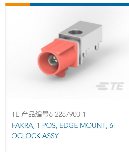
TE 产品编号6-2287903-1 FAKRA, 1 POS, EDGE MOUNT, 6 OCLOCK ASSY
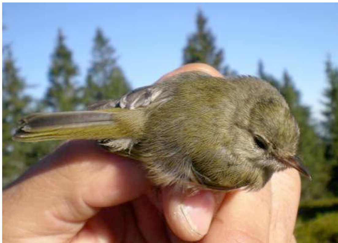
Un Roitelet huppé en plumage juvénile, fin août 2010
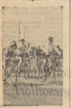
O nouă caravană de cicliști și-a pornit drumul dîmineața către Mogoșoaia. După o excursie interesantă ei se vor întoarce plini de voie bună în București.

### [Assignment]
Could you transcribe all of the data exactly, keeping every picture out of the copy?

### [Response to this exercise]
TE 产品编号6-2287903-1 FAKRA, 1 POS, EDGE MOUNT, 6 OCLOCK ASSY
Un Roitelet huppé en plumage juvénile, fin août 2010
O nouă caravană de cicliști și-a pornit drumul dîmineața către Mogoșoaia. După o excursie interesantă ei se vor întoarce plini de voie bună în București.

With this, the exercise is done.